* [Items from a dataset]
──────────────────────────────

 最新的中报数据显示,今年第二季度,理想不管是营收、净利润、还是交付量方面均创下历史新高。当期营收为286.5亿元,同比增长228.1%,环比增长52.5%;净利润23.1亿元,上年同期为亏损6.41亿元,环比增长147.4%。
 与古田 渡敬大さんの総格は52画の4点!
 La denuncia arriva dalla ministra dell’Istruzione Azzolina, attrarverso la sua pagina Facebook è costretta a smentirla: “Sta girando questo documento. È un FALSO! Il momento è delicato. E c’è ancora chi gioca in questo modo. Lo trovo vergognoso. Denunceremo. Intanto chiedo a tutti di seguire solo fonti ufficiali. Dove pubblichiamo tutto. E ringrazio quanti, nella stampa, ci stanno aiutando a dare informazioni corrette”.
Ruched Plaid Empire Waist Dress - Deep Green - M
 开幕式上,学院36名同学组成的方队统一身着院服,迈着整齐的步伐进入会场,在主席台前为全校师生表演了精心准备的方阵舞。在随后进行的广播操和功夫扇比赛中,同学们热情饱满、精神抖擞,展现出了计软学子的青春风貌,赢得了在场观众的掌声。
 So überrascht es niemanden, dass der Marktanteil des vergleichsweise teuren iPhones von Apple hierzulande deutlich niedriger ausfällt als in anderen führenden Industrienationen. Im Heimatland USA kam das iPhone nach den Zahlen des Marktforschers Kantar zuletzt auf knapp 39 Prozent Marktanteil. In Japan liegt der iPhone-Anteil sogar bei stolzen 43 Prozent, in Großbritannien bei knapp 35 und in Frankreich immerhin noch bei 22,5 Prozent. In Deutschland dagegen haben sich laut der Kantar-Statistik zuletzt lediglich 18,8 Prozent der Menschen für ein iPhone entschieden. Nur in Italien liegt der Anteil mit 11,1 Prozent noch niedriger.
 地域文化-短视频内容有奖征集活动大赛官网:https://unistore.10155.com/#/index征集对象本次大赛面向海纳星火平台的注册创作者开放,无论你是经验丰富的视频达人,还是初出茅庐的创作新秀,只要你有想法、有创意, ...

──────────────────────────────

* [Your goal] May I have the entries returned exactly, with every line in place?

* [Task answer]
 最新的中报数据显示,今年第二季度,理想不管是营收、净利润、还是交付量方面均创下历史新高。当期营收为286.5亿元,同比增长228.1%,环比增长52.5%;净利润23.1亿元,上年同期为亏损6.41亿元,环比增长147.4%。
 与古田 渡敬大さんの総格は52画の4点!
 La denuncia arriva dalla ministra dell’Istruzione Azzolina, attrarverso la sua pagina Facebook è costretta a smentirla: “Sta girando questo documento. È un FALSO! Il momento è delicato. E c’è ancora chi gioca in questo modo. Lo trovo vergognoso. Denunceremo. Intanto chiedo a tutti di seguire solo fonti ufficiali. Dove pubblichiamo tutto. E ringrazio quanti, nella stampa, ci stanno aiutando a dare informazioni corrette”.
Ruched Plaid Empire Waist Dress - Deep Green - M
 开幕式上,学院36名同学组成的方队统一身着院服,迈着整齐的步伐进入会场,在主席台前为全校师生表演了精心准备的方阵舞。在随后进行的广播操和功夫扇比赛中,同学们热情饱满、精神抖擞,展现出了计软学子的青春风貌,赢得了在场观众的掌声。
 So überrascht es niemanden, dass der Marktanteil des vergleichsweise teuren iPhones von Apple hierzulande deutlich niedriger ausfällt als in anderen führenden Industrienationen. Im Heimatland USA kam das iPhone nach den Zahlen des Marktforschers Kantar zuletzt auf knapp 39 Prozent Marktanteil. In Japan liegt der iPhone-Anteil sogar bei stolzen 43 Prozent, in Großbritannien bei knapp 35 und in Frankreich immerhin noch bei 22,5 Prozent. In Deutschland dagegen haben sich laut der Kantar-Statistik zuletzt lediglich 18,8 Prozent der Menschen für ein iPhone entschieden. Nur in Italien liegt der Anteil mit 11,1 Prozent noch niedriger.
 地域文化-短视频内容有奖征集活动大赛官网:https://unistore.10155.com/#/index征集对象本次大赛面向海纳星火平台的注册创作者开放,无论你是经验丰富的视频达人,还是初出茅庐的创作新秀,只要你有想法、有创意, ...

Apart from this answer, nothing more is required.